Три толстые папки с рукописями начали вываливаться из него, но я успел подхватить их, при этом уронив шапку, которую зажал под мышкой еще за дверями его квартиры. Я поднял ее, сунул вместе с дипломатом под мышку, затем бросил все это на пол, протянул ему свои рукописи и сказал:
— Вот. Здесь роман, повесть и рассказы.
— Я не издательство, — ответил он, не протягивая к ним руку. – Дайте мне, что вы считаете самым лучшим, что дороже вам.
Я растерянно перебирал в руках папки, словно не я, а он предлагал мне выбор. В голову промелькнула мысль: «Как это дороже? Разве кто-то из детей бывает дороже родителю?» Я чуть не произнес это вслух, но, к счастью, сдержался от этого избитого сравнения.
Первым желанием было дать военную повесть «Граница земли». Рассказы были напечатаны – и это перетягивало в их пользу. Решил дать «Страшное расстояние» — это была у меня самая спорная вещь: она написана именно в том духе, в котором я мыслю свое творчество. «Границы земли» были приняты в журнал «Неман», ее обсуждали на литобъединении, и замредактора Ялугин сказал о ней коротко: «Умная книга». Завотдела прозы Жиженко вслед этому с хитрецой произнес: «Ловлю на слове, Эрнест Васильевич. Значит, можно предлагать ее в печать на будущий год». На что тот, загадочно улыбнувшись, нашел в себе мужество ответить: «Я думаю, что мы не ошибемся».
— Вот это, — я протянул ему папку.
Он взял ее и как-то бессознательно взвесил на руке.
— Вы извините, что она такая толстая, — по-своему понимая его состояние занятого человека, которому придется читать невесть что, невесть кого, сказал я. – Именно эту.
— Хорошо, — ответил он и, сделав шаг к трюмо, положил ее на столик.
Раздался глухой стук, как обоснованная укоризна мне за принуждение человека, который не мог отказать. И я подумал: то, что он сам прошел через многие мытарства, сыграло в мою пользу. И мне стало жалко его. Взвесив на руке тонкую папку с рассказами, я предложил:
— Василий Владимирович, я понимаю, что у вас нет свободного времени. Поэтому, оставьте у себя рассказы и начните читать с них: если они вам не понравятся – не надо тратить время на остальное.
Он стрельнул в меня коротким оценивающим взглядом, видно, это предложение до конца определило мою позицию и неожиданный приход, и сказал:
— Верно, — и застыл в молчание: все ясно и время нашей неожиданной встречи истекло.
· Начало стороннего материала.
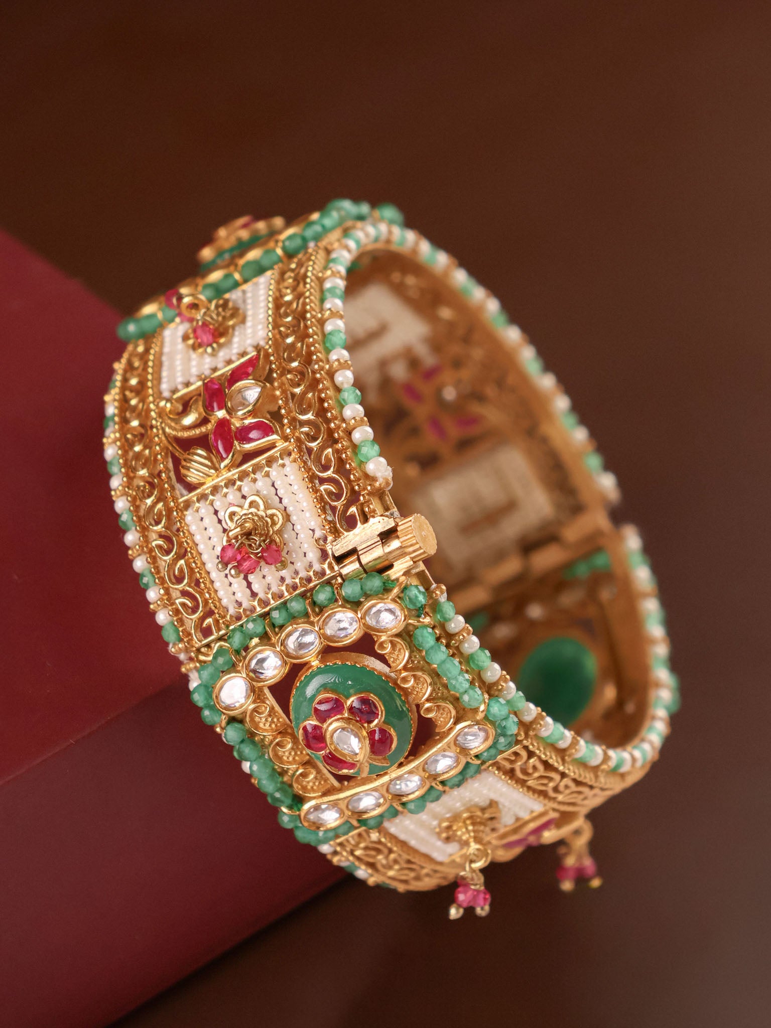 A kada is a thicker cuff that can be worn solo or as a pair. A bangle is a rigid circular band. A bracelet is usually flexible and fastens with a clasp. Each style offers a distinct look and feel.
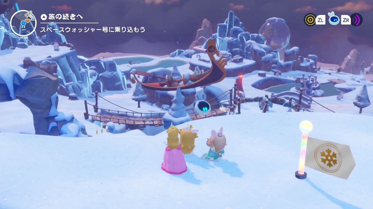 今作の注目ポイントはボイスが付いたことですね。マリオたちはいつも通りしゃべりませんが、ラビッツ組とピーポ&ジーニーがとにかく喋る喋るので、前作とはまたちょっと違う雰囲気を味わえます。
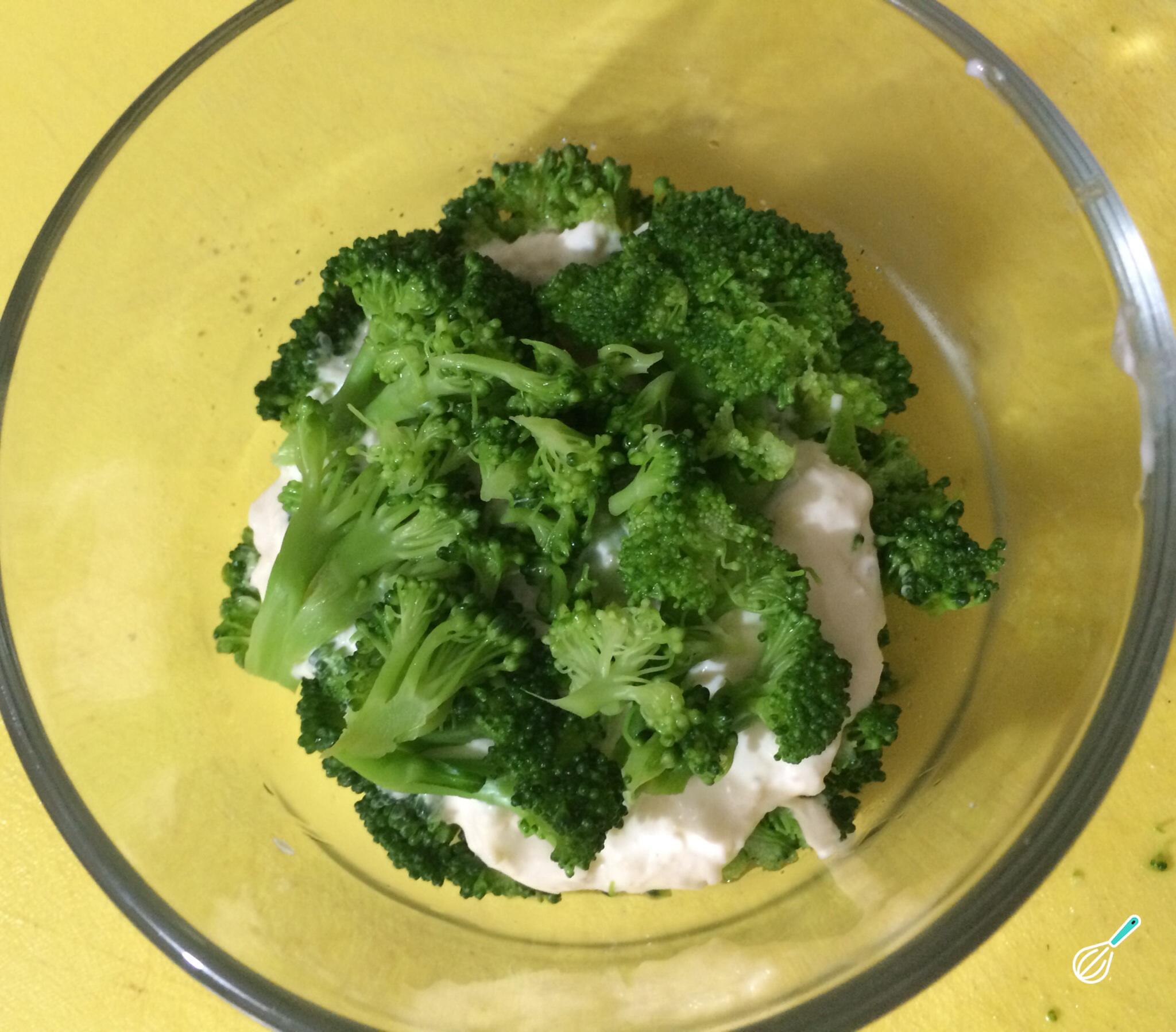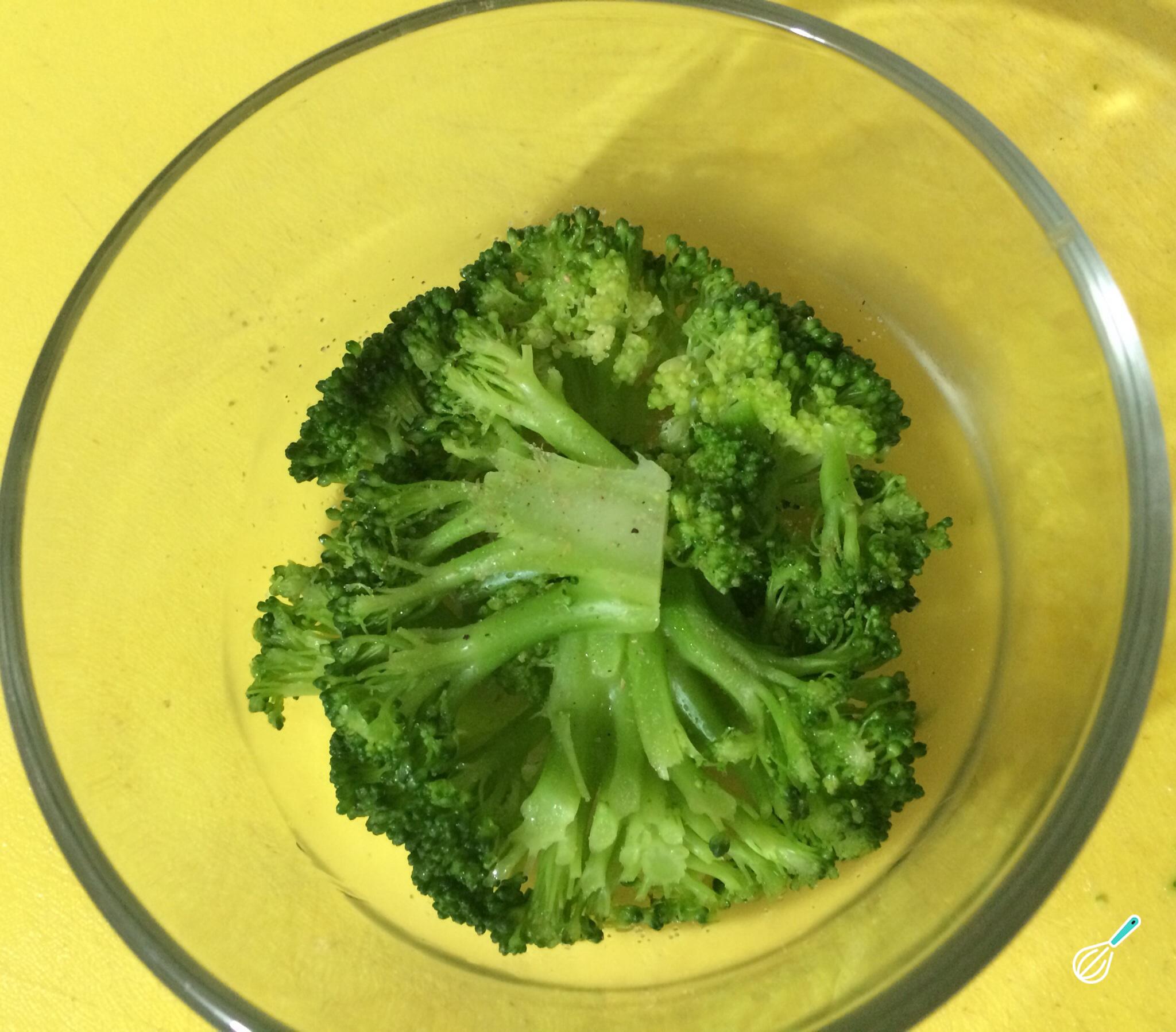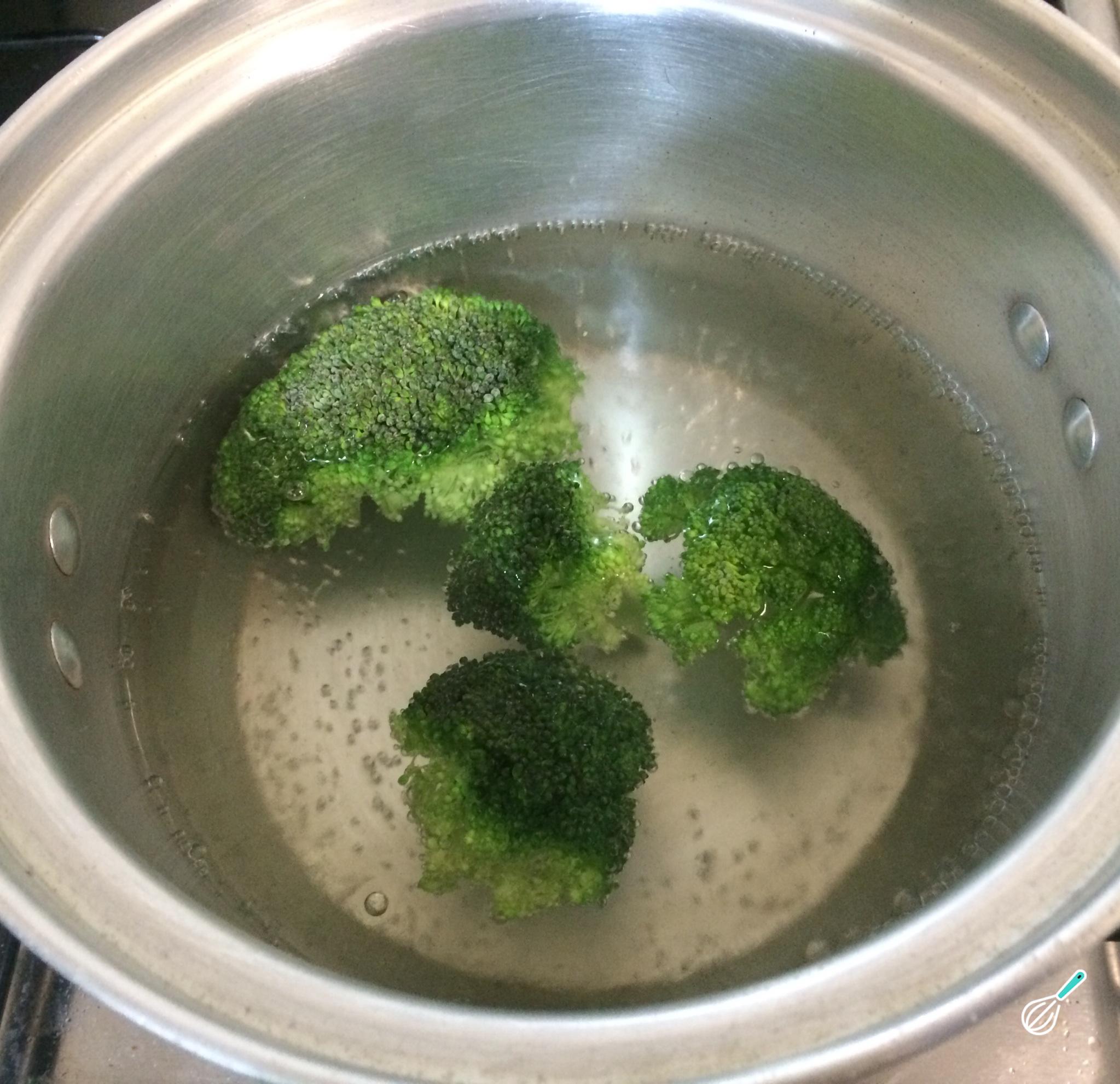 Em uma panela com água fervente e uma pitada de sal cozinhe o brócolis cortado em pedaços por 5 minutos. Como alternativa pode cozer o brócolis ao vapor.
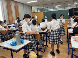 中等部1学年の家庭科の授業の様子です。このクラスはボランティア精神が強く、プリント配布などを率先して手伝ってくれます。授業では、生徒が自由に意見を出し合える雰囲気をつくり、「間違えても大丈夫」という安心感を育むことを心がけています。
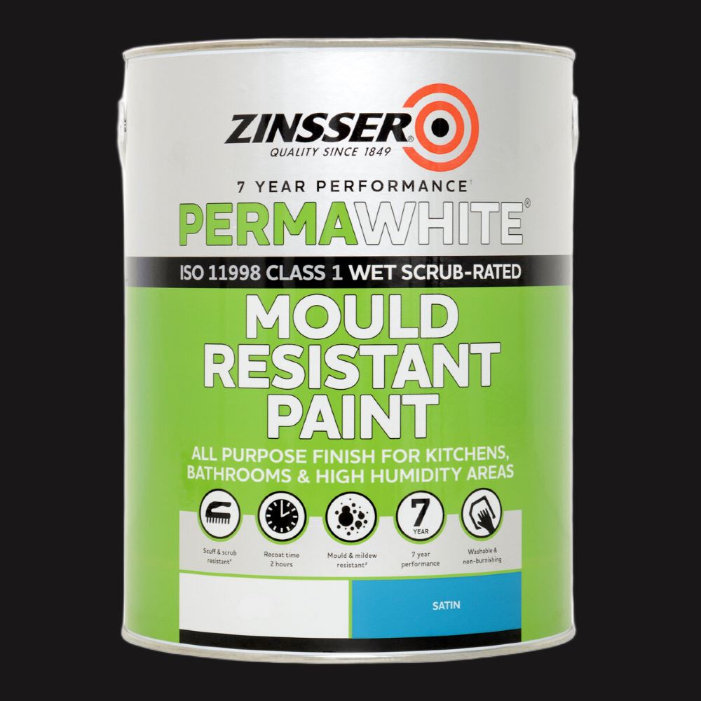 Zinsser Perma-White Interior Satin is a professional-grade, water-based acrylic paint engineered for industrial-strength mold and mildew protection in high-moisture environments. This high-production formula is guaranteed to prevent mildew growth on the paint film for five years, making it ideal for bathrooms, kitchens, and laundry rooms. The rapid-drying, low-odor composition functions as a self-priming coating that bonds securely to glossy surfaces without sanding. It provides a durable, scrub-resistant satin finish that is easy to clean and maintains its structural integrity in demanding residential or commercial interior spaces prone to humidity and frequent washing.

— Когда можно придти за ответом, — спросил я.
— Не раньше весны.
«Как весны? Какой это весны? – пронеслось в сознании. – Это же ждать целый год!» Наконец, я осознал, что март – весенний месяц, хотя на улице стоит еще мороз, и все же растерянно переспросил:
— Когда, когда?
— Сейчас у меня много работы, — ответил он и, помолчав, пояснил: — Давайте через два месяца. Только в начале позвоните.
— Спасибо, — благодарно пролепетал я, понимая уже, что имеется ввиду наступающая весна. – Еще раз извините. До свидания.
— До свидания, — ответил он и открыл передо мной дверь.
Не оглядываясь, я вышел в коридор, нелепо зажав в руках открытый дипломат и шапку. Дверь за мной захлопнулась – и только тогда я почувствовал, каким стало мокрым мое тело. Опустошенный, выскочил на улицу и с наслаждение подставил лицо и открытую грудь сырому мартовскому ветру, и до самой остановки не чувствовал его колючего дыхания. В троллейбусе меня зазнобило. Но это понимало лишь мое тело. Пересаживаясь на автобус, сообразил, что еду на работу и сник: так не хотелось никого ни видеть, ни слышать. Я сошел на ближайшей остановке и пошел пешком неведома куда.
5
Все последующие дни были мучительны: сколько раз я с ужасом представлял, что он в это же время сидит над моей рукописью и ругает себя за то, что согласился взять ее. Ведь он совершенно спокойно мог отказаться, почти официально – причин для этого у него предостаточно. И я бы не обиделся на не него, но в душе моей произошло бы что-то такое, над чем я не властен, при всем уважении к его творчеству, через которое я узнал и полюбил его. Но я не мог ошибиться в нем. Существует общемировой опыт: все настоящие творцы дают нам пример отзывчивости и понимания – без этого нет личности, тем более художественной.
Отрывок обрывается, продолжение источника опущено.